House Democrats Just Passed A Bill That Undercuts Trump’s Abortion Policy

The language, which already received bipartisan support in a Senate committee, is caught up in the government shutdown fight and won't become law.

WASHINGTON — House Democrats passed a bill to try to end the government shutdown on Thursday night that would also undercut a major anti-abortion policy Donald Trump implemented as one of his first acts as president nearly two years ago.

The bill will not become law, with both the Senate and Trump already saying they won’t consider it as both sides continue to fight about funding for the border wall, but Democrats note that the language repealing Trump’s abortion policy already received unanimous bipartisan support in a Senate committee last year.
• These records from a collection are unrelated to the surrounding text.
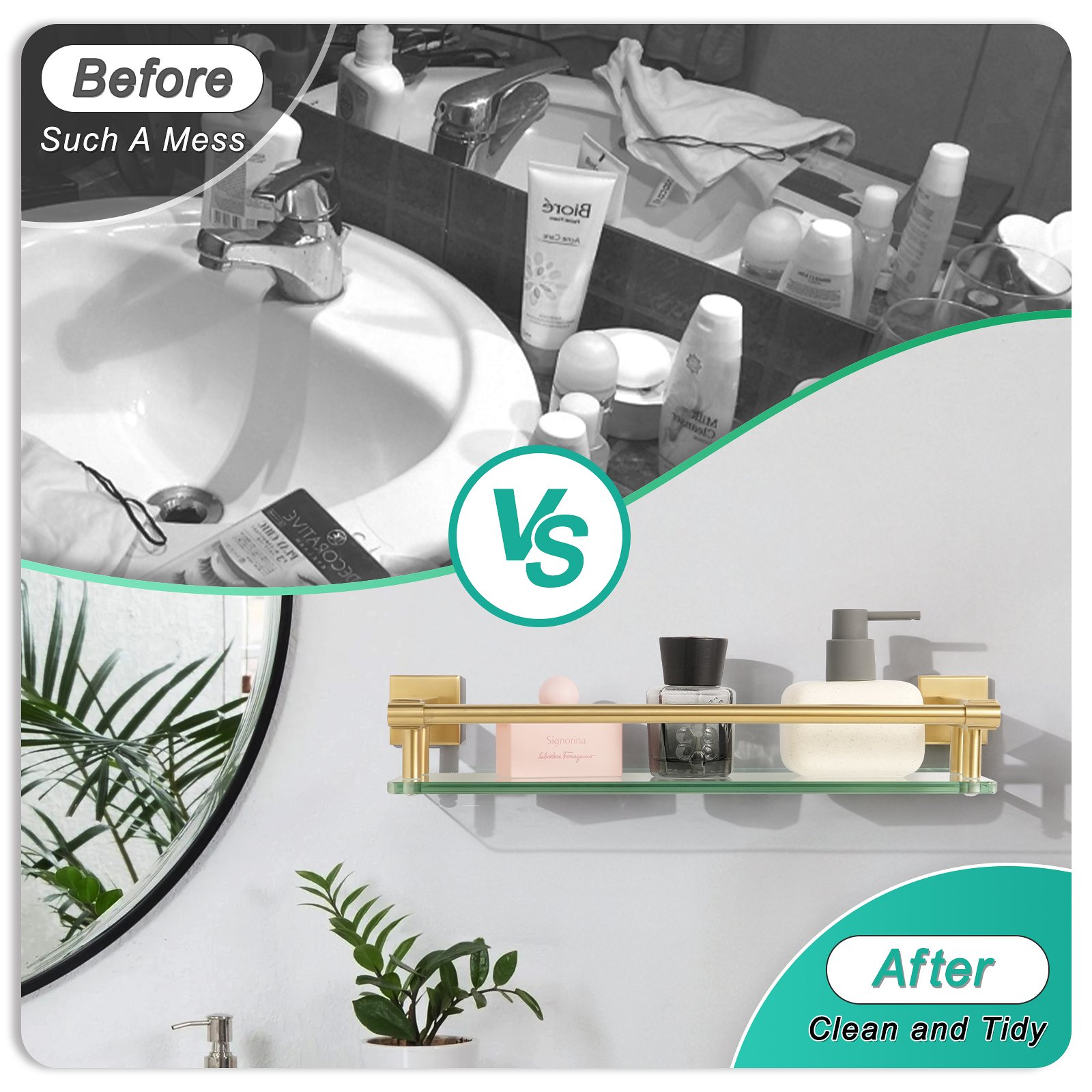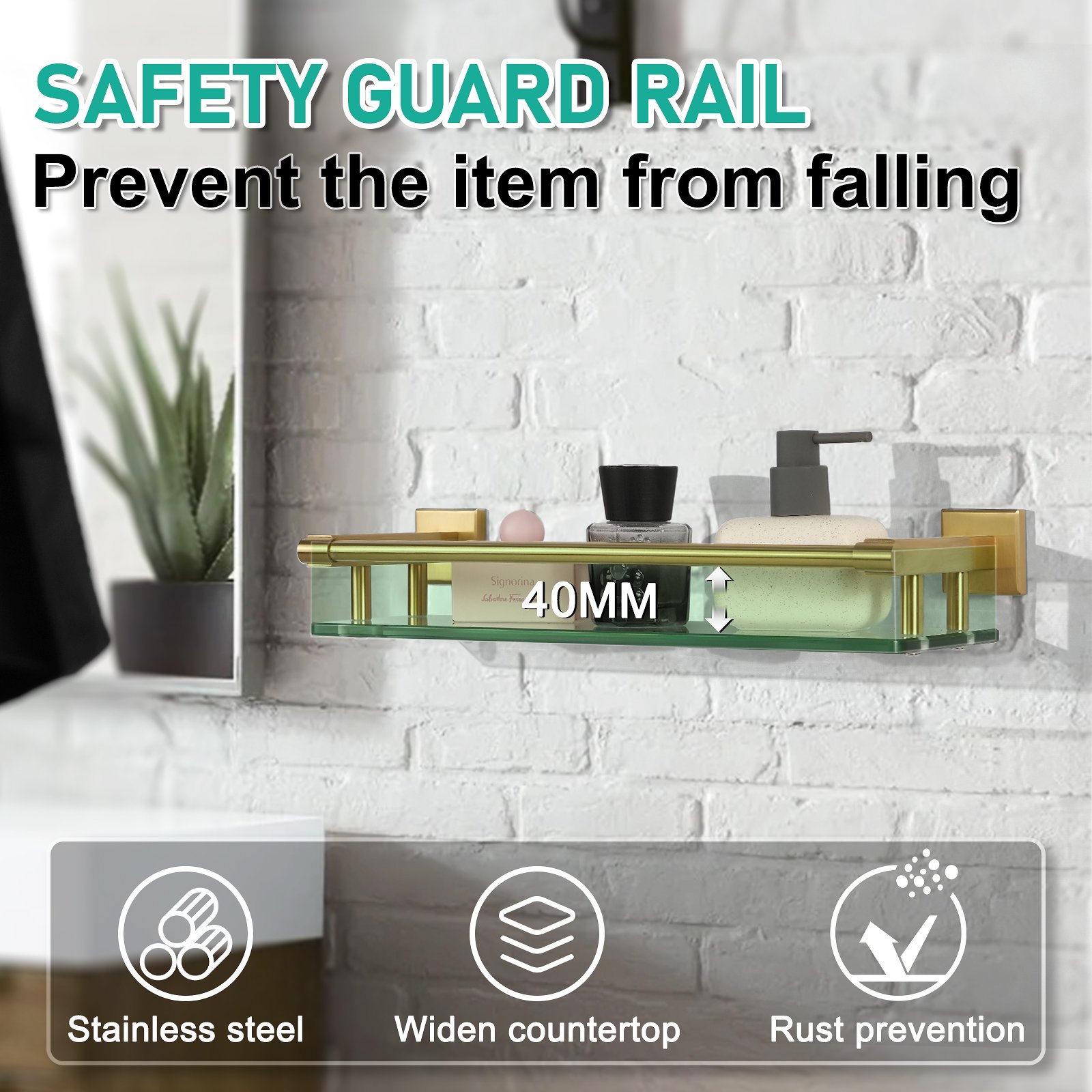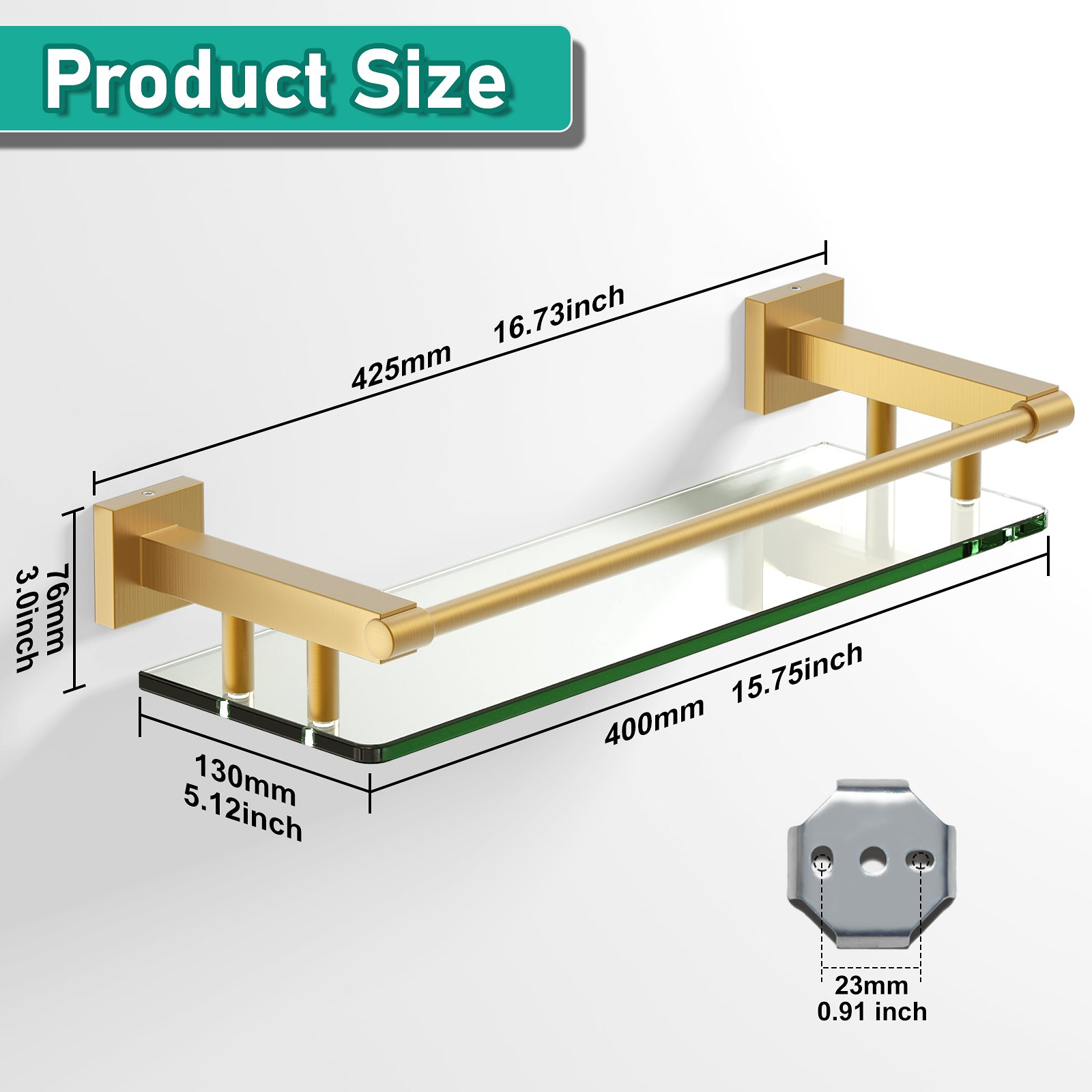 Crafted for durability, this glass shelf is manufactured with high-quality tempered glass to ensure long-lasting performance and safety. The brushed gold finish on the supporting components not only lends a luxurious touch but also resists fingerprints and corrosion, making it easy to clean and maintain. With a length of 16 inches, this shelf offers ample space to display your favorite decor items, organize essentials, or showcase your prized collection in an organized manner.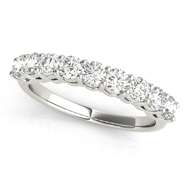 14k White Gold Wedding Band with 9 – .11PT Round Stones, equal to 1 carats total weight. Can be customized to fit any stone and in any material. Please contact Ronelli Corp for custom orders and modification information, as pricing may vary.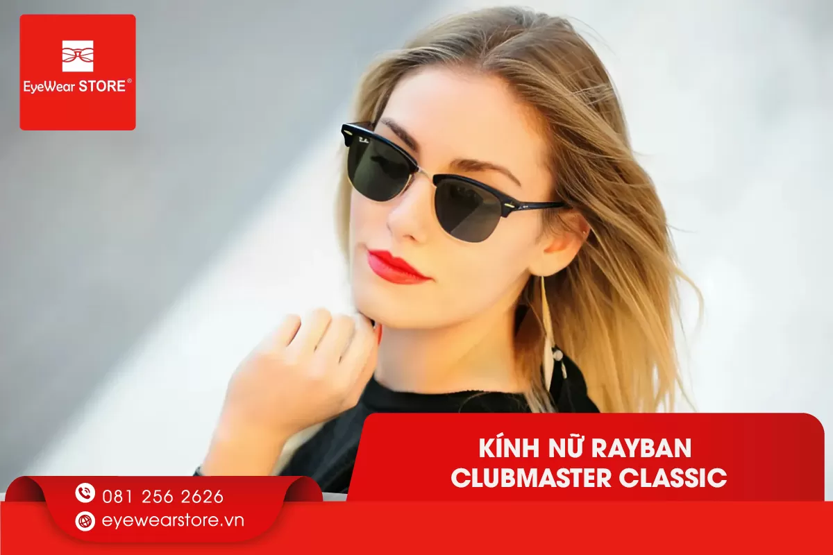- Bạn theo đuổi phong cách thanh lịch, thì nên ưu tiên các mắt kính rayban nữ màu sắc trung tính, thiết kế tinh tế như Clubmaster cổ điển, kính mắt mèo thanh mảnh hay dáng kính Aviator gọng vàng...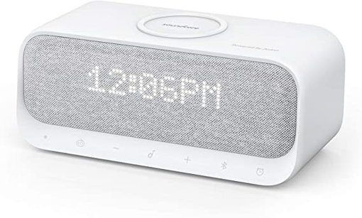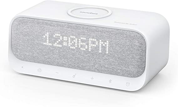- Wakey simplifies your nightstand set-up by combining everything you need for a peaceful nights sleep and a refreshing morning into one compact bedside speaker. You can place your Qi-compatible phone on top of Wakey for fast wireless charging. Wakeys dual drivers fuel perfectly-balanced 10W sound. Stream music and podcasts using Bluetooth, or save up to 10 FM radio stations using the Soundcore app. It also features a built-in sensor that adjusts the brightness of the LED screen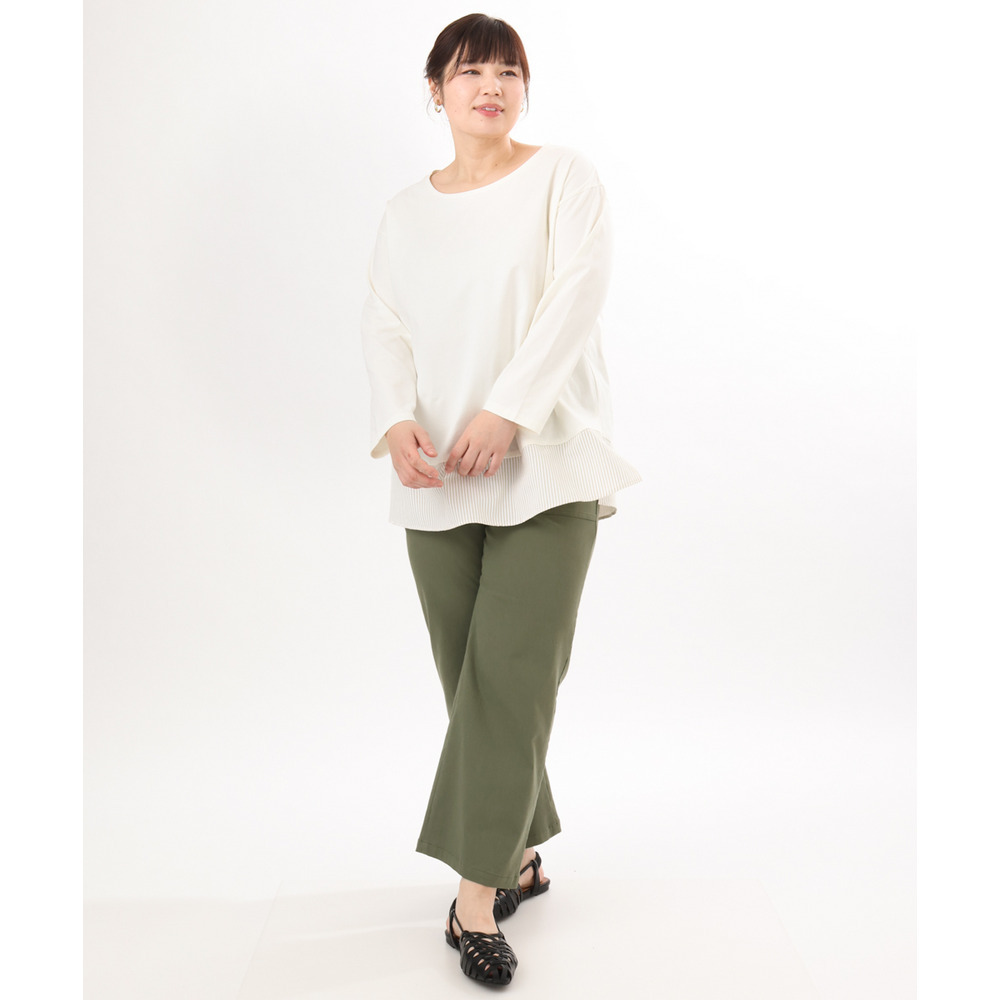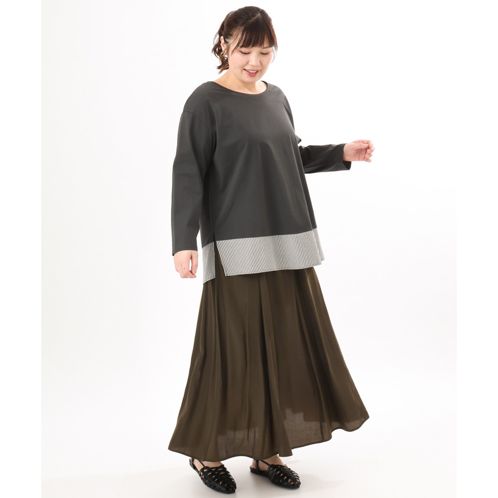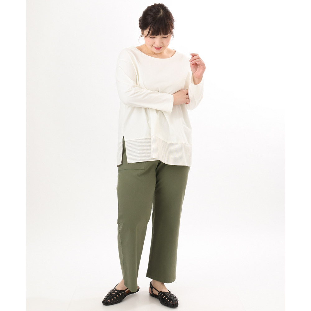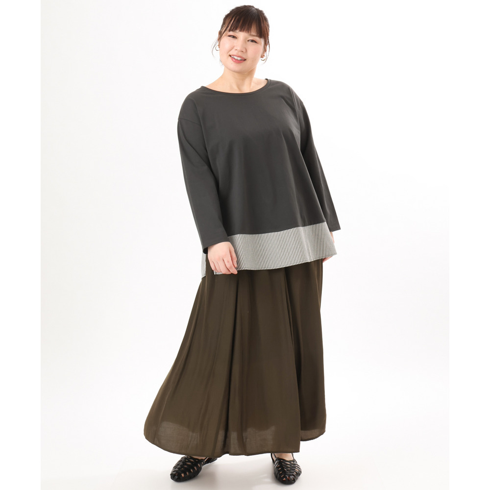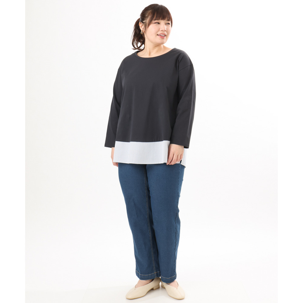 裾にストライプ生地を切り替えたデザインカットソー。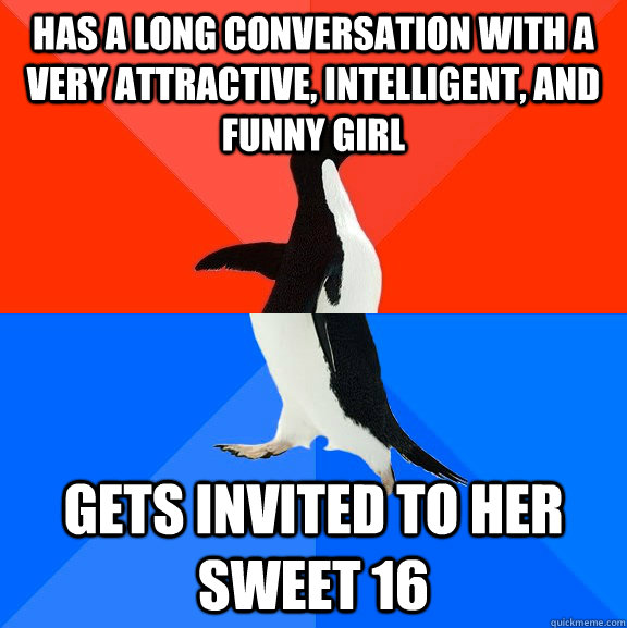 Has a long conversation with a very attractive, intelligent, and funny girl Gets invited to her …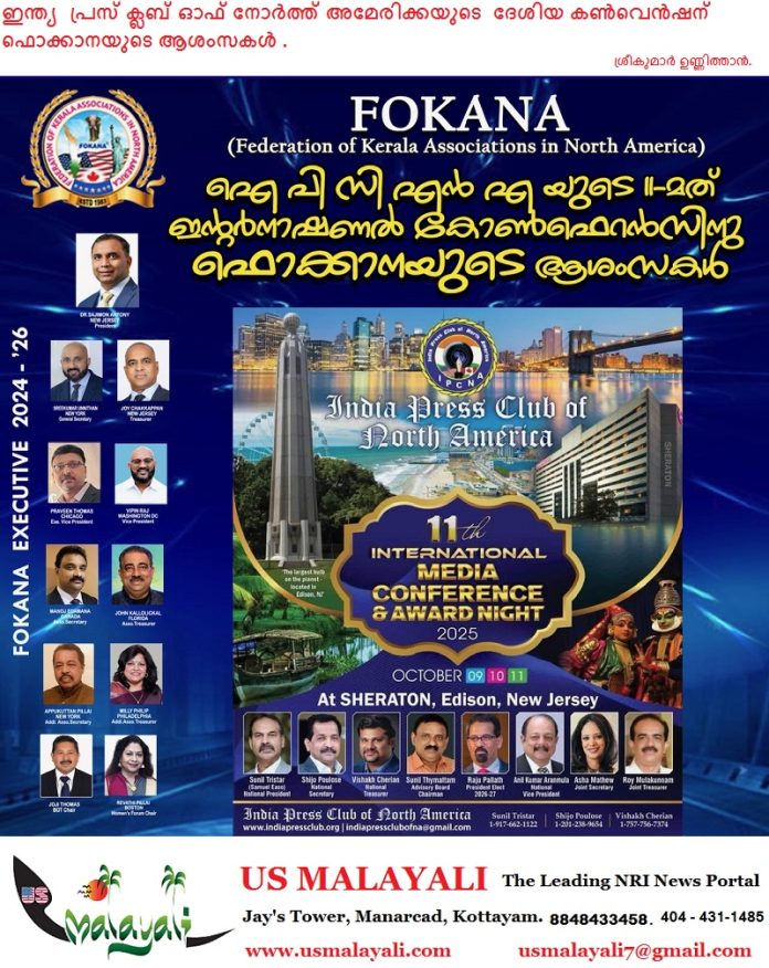 ന്യൂ യോർക്ക്: ഇന്ത്യ പ്രസ് ക്ലബ് ഓഫ് നോർത്ത് അമേരിക്കയുടെ (ഐ പി സി എൻ എ) ദേശിയ കൺവെൻഷൻ ഒക്ടോബർ 9, 10, 11 തീയതികളിൽ ന്യൂ ജേഴ്സിയിലെ എഡിസണിലുള്ള പ്രസിദ്ധമായ ഷെറാട്ടൺ ഹോട്ടലിൽ വെച്ച് നടത്തുബോൾ അത് മാധ്യമ ലോകത്ത് തന്നെ ഒരു നവ്യാനുഭവം സൃഷ്ടിക്കുകയാണ്. ഐ പി സി എൻ എ ദേശിയ കൺവെൻഷന് ഫൊക്കാനയുടെ സ്നേഹ ആശംസകൾ നേരുന്നതായി പ്രസിഡന്റ് സജിമോൻ ആന്റണി അറിയിച്ചു.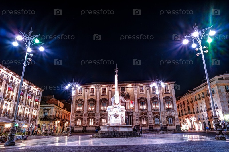 Ночной вид на Пьяцца дель Дуомо в Катании, Сицилия, Италия
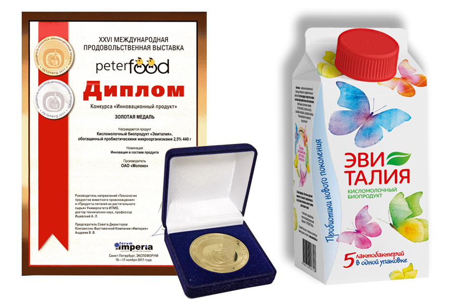 Новый кисломолочный биопродукт «Эвиталия» удостоился золотой медали в конкурсе «Инновационный продукт». Эксперты по достоинству оценили высокие вкусовые показатели продукта, а также его благотворное влияние на организм: содержащиеся в «Эвиталии» полезные лактобактерии способствуют укреплению иммунитета, восстановлению кишечной микрофлоры и нормализации работы кишечника.
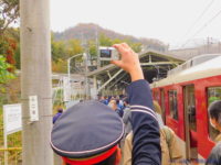 列車が信貴山口につくと、信貴山口4号踏切にいた撮影者たちが、アコーディオンカーテンのように広がって撮影。到着したところを撮りたいのは成る程、でしたが余りにスムーズに展開したので思わず吹き出しました。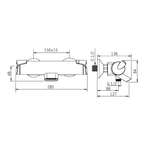Tермостатический смеситель для ванны и душа с удобными рукоятками. Оснащен легким в использовании переключателем режимов и ограничителем температуры воды на рукоятке. Контроль за расходом воды в режиме EcoFlow. В комплект входят эксцентриковые соединители, декоративные розетки, грязевые фильтры и обратные клапаны.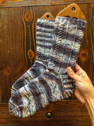 I’m so excited to bring you another pattern in my men’s collection. As with all my men’s patterns they are designed with the men in my life in mind. This pattern has a simple cable and twisted stitch detail. This was designed to be on the leg only but you can continue on the foot if you’d like. They are very unisex and would be a great gift knit for anyone who is lucky enough to get some handknit socks!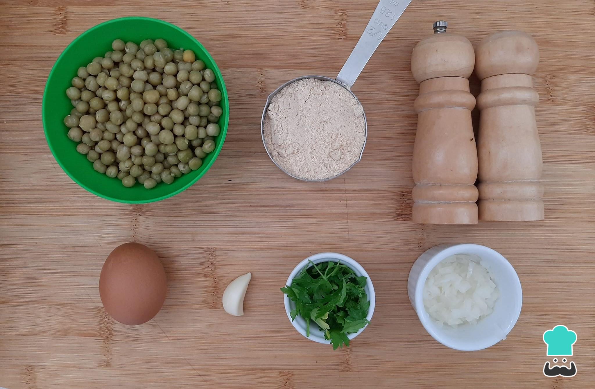 Separe todos os ingredientes necessários para preparar a receita de bolinho de ervilha.

Trump’s Mexico City Policy, also called the “global gag rule” by opponents, prevents US funding from going toward international organizations that “perform or actively promote abortion as a method of family planning.” While every Republican president since Ronald Reagan has implemented a similar policy — and every Democratic president has repealed it — Trump’s version applies to more organizations and is further-reaching than any of its predecessors. It has been blamed by global health interest groups for the closure of women’s health clinics around the world.

But the bill House Democrats passed Thursday night would get rid of the ban on funding to organizations that merely promote abortion. Tucked into the legislation to try to end the government shutdown is a section that would weaken the Mexico City Policy. It uses double negatives to declare that under the bill foreign NGOs would “not be ineligible for” US government funding “solely on the basis of health or medical services, including counseling and referral services.”

Republicans and anti-abortion groups opposed the bill and cast it as part of Democrats’ pro-abortion-rights agenda. “On day one of the new Congress, Nancy Pelosi and House Democrats are already trying to foist a radical pro-abortion agenda on the nation,” Marjorie Dannenfelser, president of the anti-abortion group Susan B. Anthony List, said in a statement Wednesday. “The House’s spending bill would repeal this successful pro-life policy.”

But the language was already approved on a bipartisan basis in the Senate Appropriations Committee last year. In fact, it was part of a much larger bill that received support from all 31 members of the committee in June with a public statement of support by vocally anti-abortion Republican Sen. Lindsey Graham.

The language was a small part of the Senate’s 2019 State and Foreign Operations Appropriations Bill, which never made it to a full Senate vote, but would have funded the State Department and related programs through September of this year. A Democratic aide with knowledge of the negotiations told BuzzFeed News that the specific language pertaining to the Mexico City Policy in that bill was adopted without a vote. The policy had the support of Democrats as well as Republican Sens. Susan Collins and Lisa Murkowski, who have been known to vote against their party on abortion legislation and wanted to “lessen the effects” of Trump’s policy.

Democrats now argue that since Senate Republicans already supported the bill in committee, they should support it now. “It would be the height of irresponsibility and political cynicism for Senate Republicans to now reject the same legislation they have already supported,” a joint statement on the bills made by House Speaker Nancy Pelosi and Senate Democratic leader Chuck Schumer on New Year’s Eve read.

Justin Goodman, the communications director for Schumer, contested the idea that the bill’s language is anything less than bipartisan. “The entire bill was approved by everyone,” he said.